Si avant le lancement de l’étude, on ne constatait pas de différence au niveau de la fonction pulmonaire, des exacerbations des problèmes pulmonaires ou des hospitalisations entre patients, les chercheurs ont pu constater qu’après 3 ans, ceux qui prenaient le Kalydeco bénéficiaient d’une fonction pulmonaire sensiblement plus importante que ceux qui n’avaient pas pris le médicament. Il a également fallu constater  qu’après une augmentation initiale de la fonction pulmonaire, celle-ci diminuait à nouveau par la suite. D’autres études indiquent qu’après environ cinq ans environ, la fonction pulmonaire est revenue au niveau qui précède la prise de Kalydeco, une conséquence de l’évolution naturelle de la mucoviscidose. Toutefois, cette diminution de la fonction pulmonaire se déroule de manière bien plus lente que chez les personnes qui ne prennent pas de Kalydeco.

D’autres paramètres sont également bien plus favorables chez les personnes qui prennent le Kalydeco : elles courent moins de risque d’être hospitalisées (quelle qu’en soit la raison) ou de connaître une exacerbation d’infection pulmonaire. Le risque de décès ou de transplantation pulmonaire était également beaucoup moins élevé comparativement aux personnes n’ayant pas bénéficié du Kalydeco (voir graphique). D’autre part, les personnes qui prenaient le Kalydeco rencontraient également moins de complications liées à la mucoviscidose comme un diabète, une maladie hépatique ou une dépression.
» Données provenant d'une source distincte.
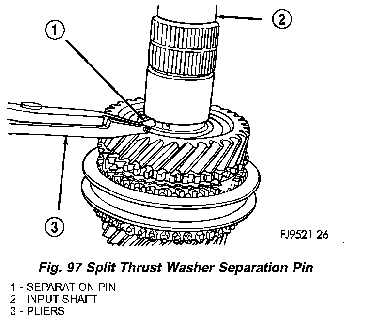6. Remove split thrust washer separation pin (Fig. 97).
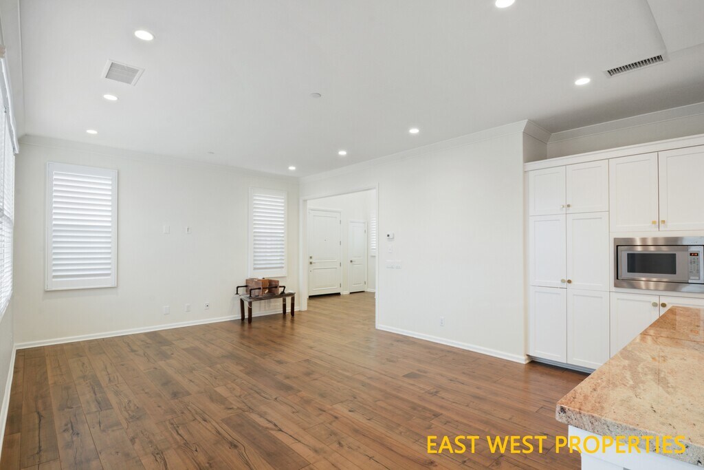 This beautiful home is located in one of the most desirable neighborhoods in Irvine's Eastwood Village, within the Petaluma community. This Irvine Pacific detached home feels like a single-family home features 3 bedrooms and 2.5 bathrooms, offering 1,810 square feet of living space, newer engineer wood flooring on first floor, and a nicely sized backyard with nicely upgraded travertine tile and artificial turf. The gourmet kitchen features well-maintained white cabinetry, stainless steel appliances, quartz countertops and newer backsplash, and a large center island. The kitchen opens to the dining area and a spacious great room, creating an ideal layout for everyday living and entertaining. The primary bedroom suite includes a walk-in closet and a walk-in shower. The home also offers a direct-access 2-car garage with ample storage space. The home is located within the award-winning Irvine Unified School District and is conveniently close to shopping, restaurants, and freeways. Enjoy resort-style living with community amenities including parks, swimming pools, spa, clubhouse, tennis courts, playgrounds, and walking and biking trails.
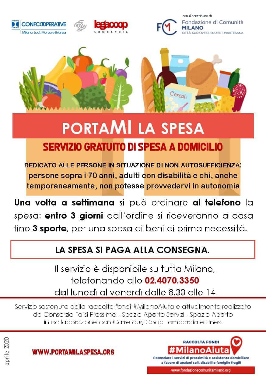 Consorzio Farsi Prossimo, tramite le sue cooperative socie, è tra i promotori del servizio “PortaMI la spesa”, per la consegna gratuita a domicilio della spesa.
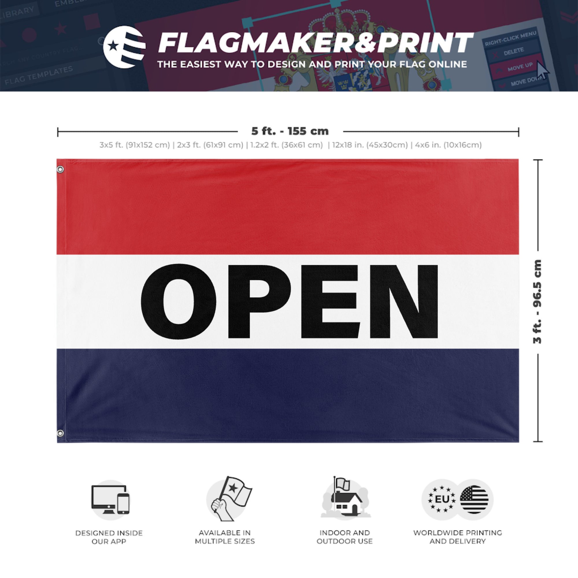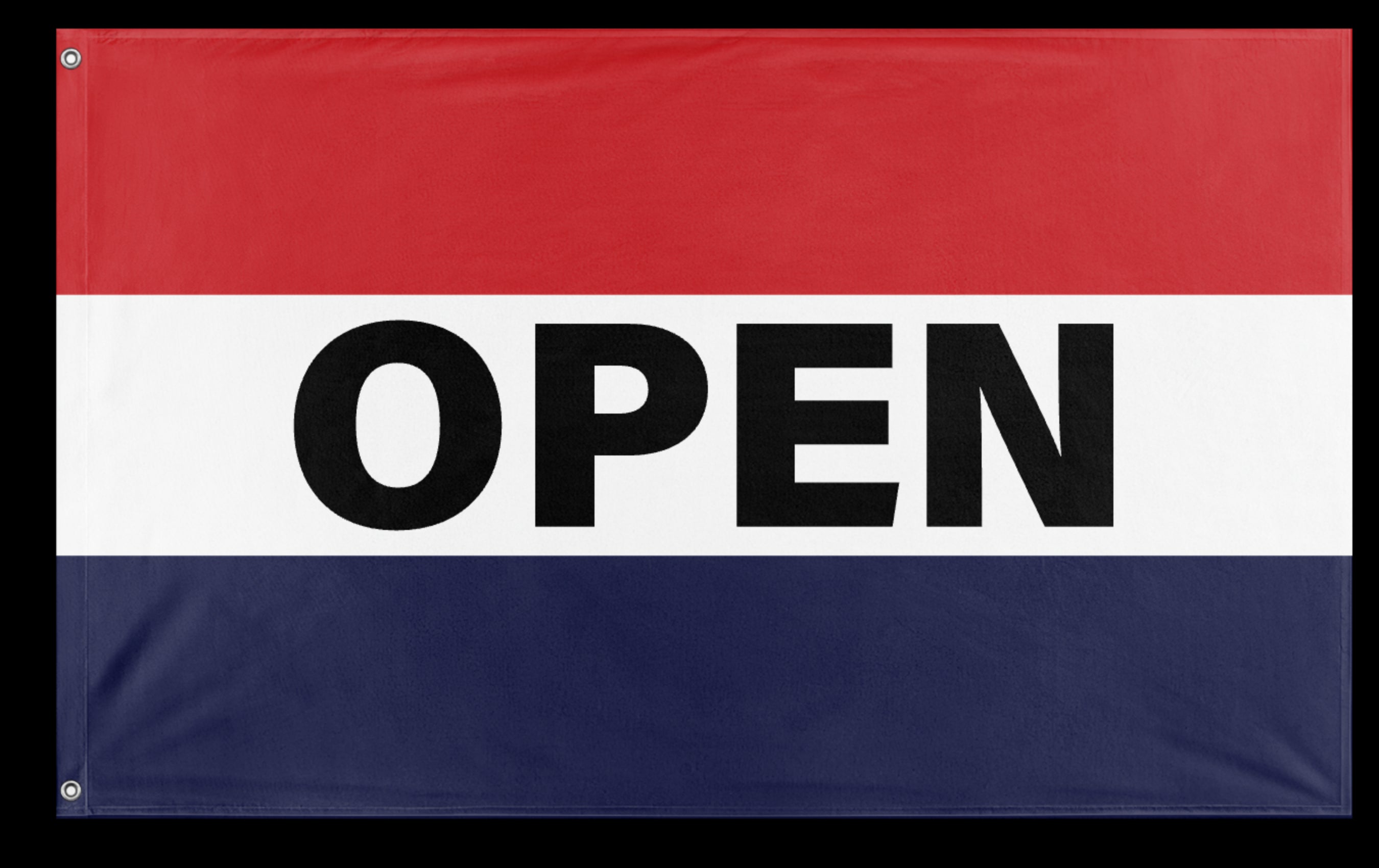 ✒️ The Open Flag is a commercially used sign or banner typically displayed by businesses to indicate that they are open and ready to serve customers. Often featuring the word "OPEN" in bold, capitalized letters, the flag is commonly designed with bright, attention-grabbing colors such as red, white, and blue or other high-contrast combinations to ensure visibility from a distance. It may be mounted on a pole, hung in a window, or placed outside the establishment. Widely recognized in retail and service industries, the Open Flag serves as a simple yet effective visual cue to attract foot traffic and signal operating status to the public.

Au niveau des infections, il y a également tout à gagner à utiliser le Kalydeco. Une autre étude (276 personnes atteintes de mucoviscidose suivies sur 3 ans) a montré que les patients qui prenaient du Kalydeco étaient moins facilement infectés au P. aeruginosa que ceux qui n’en prenaient pas. De plus, ceux qui avaient contracté une infection au P. aeruginosa parvenaient le plus souvent à s’en débarrasser, contrairement à ceux qui ne prenaient pas de Kalydeco. Ces découvertes valent également pour le S. aureus et le champignon Aspergillus. Les résultats de cette étude sont à lire ici (en anglais).

Dans le même temps, on s’est également penché sur l’expérience des personnes atteintes de mucoviscidose qui prennent du Kalydeco. Voici le témoignage d’Anna, une étudiante qui prend du Kalydeco depuis l’adolescence : “J’ai eu la chance de pouvoir me soigner avec des modulateurs dès mon plus jeune âge. Depuis le jour où j’ai commencé à prendre un modulateur, ma fonction pulmonaire n’a plus régressé. Le pourcentage a parfois un peu augmenté ou un peu diminué, mais sans jamais se dégrader complètement. Je trouve aussi qu’il est beaucoup beaucoup plus facile de prendre du poids.” Elle raconte aussi tout ce qu’elle a pu réaliser grâce à la prise du Kalydeco. “J’ai pu voyager à travers le monde avec mes amis (avec néanmoins toujours un sac à dos plein de médicaments !). Mais c’est déjà énorme en soi. J’ai également couru un semi-marathon, mon plus grand étant de parvenir à courir un marathon. Ce serait un véritable défi qui permettrait surtout de montrer l’impact d’un modulateur.” Anna explique que le traitement par modulateur a changé sa vision de la vie. “J’ai de grandes attentes pour l’avenir, et je ne considère pas mon existence comme différente de celles des autres.” Elle ajoute : “Cela transforme complètement votre regard sur l’avenir.”